Bleeding complication is more frequent when PCI is performed during acute coronary syndrome compared with elective procedures due to the need for more potent antithrombotic therapies. Abciximab, a potent inhibitor of platelet glycoprotein IIb/IIIa, is frequently used in cardiac catheterization laboratories because it has been shown to improve clinical outcomes in patients undergoing PCI, especially in the setting of acute coronary syndrome including STEMI with angiographic evidence of large thrombus or other thrombotic complications.1) However, this agent is well known to be associated with an increase in both minor and major bleeding complications. Such complications are mostly related to bleeding from the arterial puncture sites, and include other types of bleeding such as gastrointestinal and intracranial bleeding as well as alveolar hemorrhage.2)3) In addition, spontaneous bleeding from unusual arterial branches unrelated to the access site has been described in several case reports with the use of abciximab.4)5)

Our report is another interesting case of spontaneous bleeding from an unusual arterial branch, which may draw attention to a disastrous complication in association with the administration of abciximab concurrent with conventional anticoagulation and dual antiplatelet therapies. To the best of our knowledge, spontaneous bleeding from a branch of the right internal pudendal artery during abciximab therapy has not been previously reported. This complication was neither puncture site-related bleeding nor spontaneous bleeding from common causative sites. Rather, it presented as scrotal swelling mimicking puncture site bleeding, which could delay the clinical judgement.

This case shows the value of angiographic examination in conjunction with a high degree of suspicion based on the clinical presentation for the localization of the source of bleeding. Furthermore, this case demonstrates the effectiveness of gel-foam embolization for the control of bleeding in this setting without rapid reversal of anticoagulation and antiplatelet activities. Although the infusion of platelet concentrates and/or coagulation factor products might have been helpful for hemostasis, it would have increased the risk of thrombus propagation in the presence of the remaining in-stent thrombus.

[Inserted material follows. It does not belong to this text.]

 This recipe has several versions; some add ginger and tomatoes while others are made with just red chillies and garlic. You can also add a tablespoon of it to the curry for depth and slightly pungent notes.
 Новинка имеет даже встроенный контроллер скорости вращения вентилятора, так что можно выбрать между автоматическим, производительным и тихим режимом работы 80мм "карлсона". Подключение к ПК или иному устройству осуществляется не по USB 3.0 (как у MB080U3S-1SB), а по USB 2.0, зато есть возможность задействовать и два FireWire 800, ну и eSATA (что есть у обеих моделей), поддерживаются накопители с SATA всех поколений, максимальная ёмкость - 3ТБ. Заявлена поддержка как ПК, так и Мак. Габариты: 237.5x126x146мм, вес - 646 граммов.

In addition, it is worth discussing strategies for minimizing the risk of bleeding associated with abciximab, especially used in conjunction with unfractionated heparin. First, it is recommended to use a weight-adjusted, reduced-dose heparin regimen under ACT guidance during PCI, and to discontinue heparin after PCI. If anticoagulation needs to be continued after PCI, heparin should be used at a reduced-dose with aPTT maintained at lower therapeutic levels.6) Second, careful vascular access site management is important to prevent bleeding. When attempting vascular access, care should be taken to ensure that only the anterior wall of the artery is punctured. Also, unnecessary arterial and venous punctures should be avoided. Third, if performed by an experienced operator, the risk of puncture site-related bleeding may be reduced with a radial approach.7)8) Fourth, some investigators suggested that immediate post-PCI reversal of anticoagulation by protamine was associated with a significant reduction in major bleeding complications among patients undergoing primary stenting with adjunctive abciximab therapy.9)

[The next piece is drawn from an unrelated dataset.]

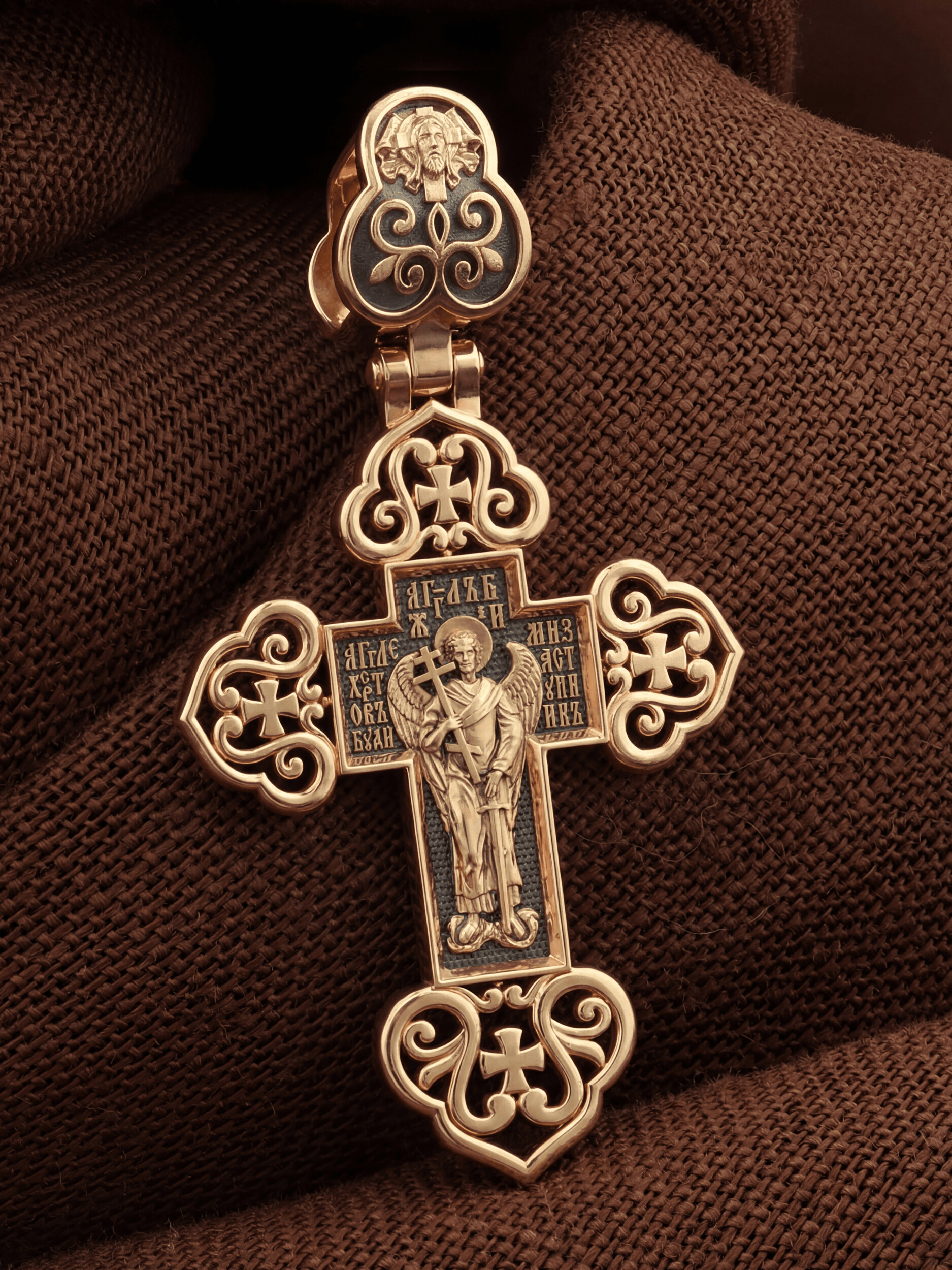 Оборотную сторону креста возглавляет Ангел Хранитель с крестом и мечом: ими он защищает человека от злых духовных и физических нападений. Ангел не может нарушить свободу воли человека, поэтому его надо молитвенно просить о помощи: «Ангеле Христов, буди ми заступник», — эта молитва написана вокруг его образа. На кулонном кольце изображен Спас Нерукотворный — Символ вочеловечившегося Божества.

In conclusion, although rarely reported, spontaneous bleeding from unusual arterial branches in association with the use of abciximab concurrent with conventional anticoagulation and dual antiplatelet therapies during or after PCI can be life-threatening. This unusual complication can be promptly identified by angiographic examination in conjunction with a high degree of suspicion based on the clinical presentation and can be successfully treated with gel-foam embolization without rapid reversal of anticoagulation and/or antiplatelet activities.